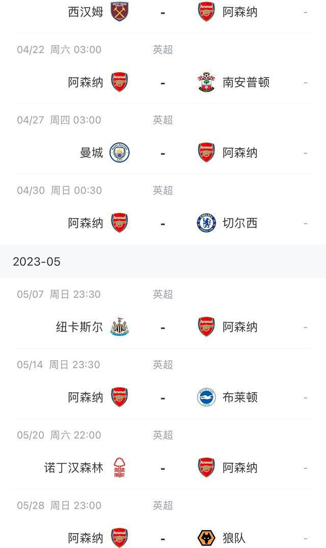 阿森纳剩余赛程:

--

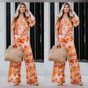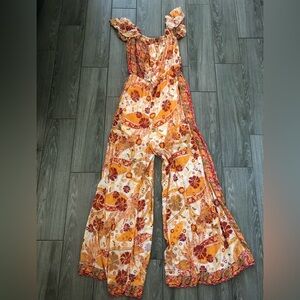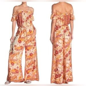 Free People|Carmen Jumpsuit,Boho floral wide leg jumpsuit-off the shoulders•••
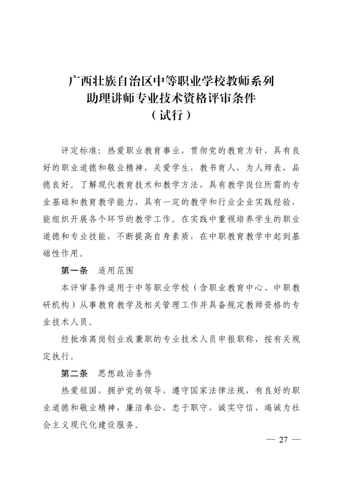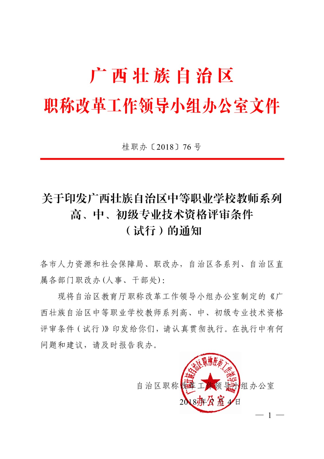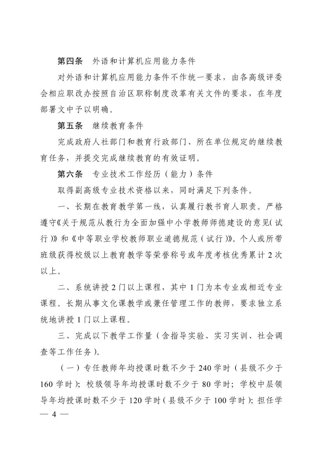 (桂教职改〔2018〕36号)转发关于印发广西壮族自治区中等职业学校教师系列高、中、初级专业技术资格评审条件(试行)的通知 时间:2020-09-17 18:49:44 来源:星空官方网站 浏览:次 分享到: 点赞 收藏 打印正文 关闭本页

* * *

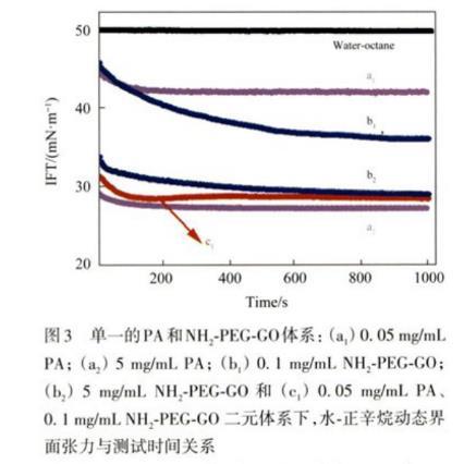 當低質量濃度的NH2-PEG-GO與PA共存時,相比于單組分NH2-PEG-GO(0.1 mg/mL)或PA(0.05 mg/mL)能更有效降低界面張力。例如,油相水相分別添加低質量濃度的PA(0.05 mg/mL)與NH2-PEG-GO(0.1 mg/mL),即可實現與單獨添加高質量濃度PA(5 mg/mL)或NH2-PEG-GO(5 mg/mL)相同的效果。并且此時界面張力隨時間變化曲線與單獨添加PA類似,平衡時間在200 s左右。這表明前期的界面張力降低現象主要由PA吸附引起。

What is needed:
What belongs in the answer is each line above from the line with "Free People|Carmen Jumpsuit,Boho" to the line with "收藏 打印正文 关闭本页", inclusive, reproduced exactly and free of pictures.

Your response:
 Free People|Carmen Jumpsuit,Boho floral wide leg jumpsuit-off the shoulders•••
 (桂教职改〔2018〕36号)转发关于印发广西壮族自治区中等职业学校教师系列高、中、初级专业技术资格评审条件(试行)的通知 时间:2020-09-17 18:49:44 来源:星空官方网站 浏览:次 分享到: 点赞 收藏 打印正文 关闭本页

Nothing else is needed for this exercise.